Critique littéraire : La Tempête de Gabriel Anctil

La Tempête

Gabriel Anctil

Éditions XYZ

Une grande maison dans un immense brouillard

7 janvier 1998. Prisonniers de la violente crise du verglas qui s’abat sur le Québec, Jean, son père et sa mère se retrouvent confinés dans une grande maison avec son oncle, sa tante et sa grand-mère. L’atmosphère est tendue et sèche, presque tranchante. Les murs se rapprochent les uns des autres, alors que le plafond descend et que le plancher monte. On étouffe. Si la tempête fait rage à l’extérieur, c’est une tourmente plus grande et plus brutale qui se prépare au sein de cette famille incongrue.
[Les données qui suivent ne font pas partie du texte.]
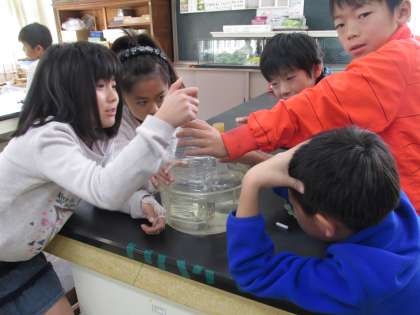 4年生は理科で温度によるかさの変化についての学習をしています。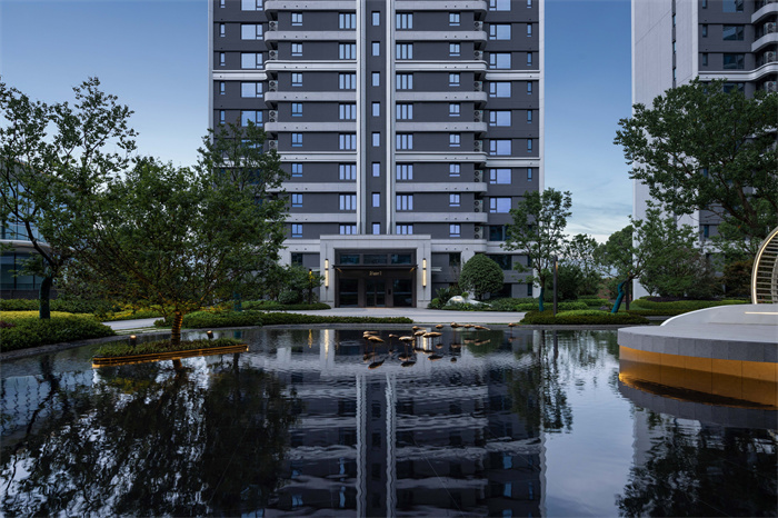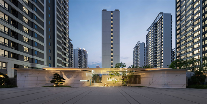 素白、优雅的曲线景墙构成了小区的大门,一眼就能瞥见迎客松和乌桕树分列两侧,大气开阖,一整个归家仪式感就来了。

Gabriel Anctil propose, avec son deuxième roman, un huis clos québécois où les mœurs des uns se heurtent à celles des autres. L’histoire est très bien ancrée dans les circonstances historiques, artistiques et sociales de l’époque. La profondeur de la recherche effectuée est perceptible entre les lignes de l’auteur, mais elle s’efface plutôt agilement d’un chapitre à l’autre. Les lecteurs ayant vécu eux-mêmes la crise du verglas y retrouveront une once de nostalgie, deux tasses de plaisir et un litre de souvenirs.

Mais ce ne sera pas sans gêne, puisque les personnages du roman sont d’un caricatural assez agaçant. Bien que l’on puisse s’y identifier un peu, il subsiste une certaine réticence quant au laisser-aller qu’un roman se doit de véhiculer. Par conséquent, La Tempête reste en surface et ne peut pratiquement pas s’étendre sur l’émotion, les sentiments du lecteur.

Si le choix du huis clos est intéressant d’un point de vue formel, il est toutefois complexe de le rendre séduisant sur le plan du contenu. Les dialogues qui dominent presque la narration du roman et la prose de l’auteur sont plus ou moins crédibles parce qu’ils sont souvent situés entre deux niveaux de langue. Le dialogue est un art en soi, difficile à maîtriser et à coucher sur le papier.

La deuxième œuvre de Gabriel Anctil se termine comme un baume parfumé sur une plaie qui brûle. L’image de la fin rappelle toutes celles savamment suggérées et trop vites noyées par des prises de paroles plus ou moins utiles à l’avancement du récit.

L’unique, mais gros défaut de La Tempête, c’est le trop peu de place que les personnages et les dialogues laissent à l’auteur, à sa prose, à son cœur. Ce roman a quelque chose à dire, de beau et de vrai, mais il le crie trop fort ou le murmure trop bas. C’est tout de même une œuvre divertissante, dans ses rebondissements, son histoire et son contexte.